What is it that allows the iridescent turquoise waters to evoke such reverential devotion in us? What is it that makes the sea lie so incorrigibly resonant with our emotional senses? What is it that lets the shimmering mass of polar compounds stir up such nostalgic sentiments in our hearts?
One could attribute the strange affinity to the sheer majesty of the oceans – a body that is all at once stagnant, yet vibrant; constant, yet mercurial; ubiquitous, yet elusive. The appreciation for its beauty could be somewhat innate – but whatever it is – it is this outwardly display of grandeur that causes us to reflect inwardly on the comparatively minute thoughts that ricochet off the inconsequential walls of our minds.
Perhaps it was the early hours of the morning that was conducive to reflective thought, or the blessed escape from the blistering heat and petty struggle of Singapore, or the company and the situation (it was all rather surreal- hard to imagine that we were all spending time in Batam together as part of a new council!)- but it certainly gave me a lot to think about.
A mere two days assuredly altered my perception of myself, my peers, and most of all – our council.
I never quite believed in leadership camps or retreats – the only purpose they served was that of boosting a C.V and handing students a fabricated ‘opportunity to lead others’ (a.k.a. push them around and feel like you’re in charge).
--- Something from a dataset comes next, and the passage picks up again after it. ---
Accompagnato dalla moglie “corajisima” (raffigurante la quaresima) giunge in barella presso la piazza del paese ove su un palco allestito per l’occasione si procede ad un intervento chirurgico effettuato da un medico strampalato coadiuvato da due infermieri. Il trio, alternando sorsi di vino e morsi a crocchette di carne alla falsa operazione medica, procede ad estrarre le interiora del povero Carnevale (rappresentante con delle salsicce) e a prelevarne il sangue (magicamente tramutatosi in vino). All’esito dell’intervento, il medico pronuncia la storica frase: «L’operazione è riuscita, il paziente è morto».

This council retreat, however, was wildly different. It gave us a chance to realize our potentials as student leaders and to recognize the unique talents and witness the stunning capabilities of our peers. Through the myriad of activities that prodded us into challenging ourselves (even without realizing it, perhaps), it elucidated – to a certain extent – the vast untapped potential of our own capacities. Prior to the retreat, I never knew that I had the mental ability to conjure up an impromptu speech on the spot – and abashedly enough, nor did I realize that the other nine could do so. But we all did without hesitation, as with all the other challenges. A certain confidence and self-assuredness had arisen in each and every one of us – a confidence that found its source in the wordless support and assurance that held our council together.
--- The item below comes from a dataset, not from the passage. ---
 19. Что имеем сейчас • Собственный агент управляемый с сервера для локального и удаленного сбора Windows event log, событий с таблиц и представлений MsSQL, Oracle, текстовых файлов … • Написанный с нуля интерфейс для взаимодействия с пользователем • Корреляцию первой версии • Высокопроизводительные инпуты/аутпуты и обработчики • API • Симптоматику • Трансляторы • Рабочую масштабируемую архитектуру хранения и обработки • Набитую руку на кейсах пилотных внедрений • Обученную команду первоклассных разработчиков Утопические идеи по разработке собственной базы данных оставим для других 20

The wide array of talents and the strength of the team made it all the more harder to decide on our President and Vice after what seemed like a very long (yet incredibly short) day. After well over 20 rounds of voting, I think it is suffice to say that we were incredibly thorough in our decision process. Nothing was obscured that night – what we thought of each other was thrown out on the table and considered with maturity and detachment. What propelled us forward, perhaps, was the humility to look critically upon oneself and upon each other without taking things personally. And so when we arrived at a result – regardless of what we said or discussed – we knew that we all supported each other and we believed in our council.
I think, at the end of it all, the most paramount realization was that of how well our council worked together.
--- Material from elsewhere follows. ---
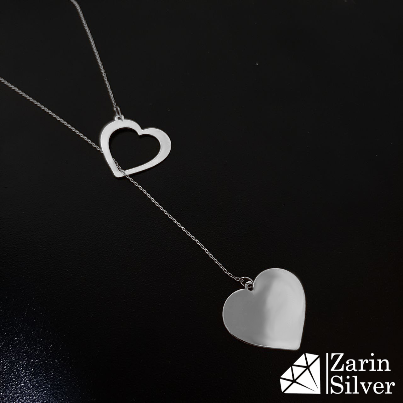 گردنبند نقره زنانه مدل لاریت با آویز های قلب

The fluidity of our discussions and the efficiency of our conversations were absolutely seamless. There was a purpose and a cause – and we set out to do it together. Together. Clearly and heartwarmingly exemplified by our cohesiveness outside of activities – our trip was dotted with little pockets of free time, and in that time our council was virtually inseparable. The friendly rapport and the hilarious memories that were forged (I’m sure there will come a day where our council choir and karaoke talents will come to fruition!) will stay with us for a lifetime.
I went on the retreat with hopeful excitement, and I came out of it feeling entirely confident in our council and infinitely blessed to be part of this family.
They often say that leaders are made, rather than born.
And we were made.
Founder’s Day on May 15th was another affair; after being drawn in to MC for the morning’s assembly with barely a week’s notice to draw up the script and rehearse and reeled in to bake for Spirit Week, the entire week prior to it was a flurried affair and one that lent no time for rest. On Tuesday I made chocolate chip cookies for the bake sale, on Wednesday Basil Pesto pasta for the International Food Fair. Receiving my acceptance into PROMYS the day before Founder’s Day was another sleep-shunning, attention-seeking matter that kept me awake half the night.
The entire council went out for some delicious 小笼包 after cultural carnival (I think we could call ourselves the culinary appreciation council!) and then returned back to school for our Founder’s Day dinner and Investiture (a small cozy affair with parents, teachers, and student delegates from other councils).
The symbolic passing on of the blazers and the badge-pinning were touching gestures – one could almost touch the evidently tangible nostalgia that clung to the tearful smiles on the old council’s faces.
I think perhaps the most rewarding part of the night was interacting with the other delegates. The girl from Hwa Chong International was from Qingdao, China – and I was basically conversing in Chinese for half the night (quite an achievement considering the downward spiral my Chinese has embarked on recently).
That’s the word of the week.
But busy can be good.
Blessed is the person who is too busy to worry in the daytime, and too sleepy to worry at night.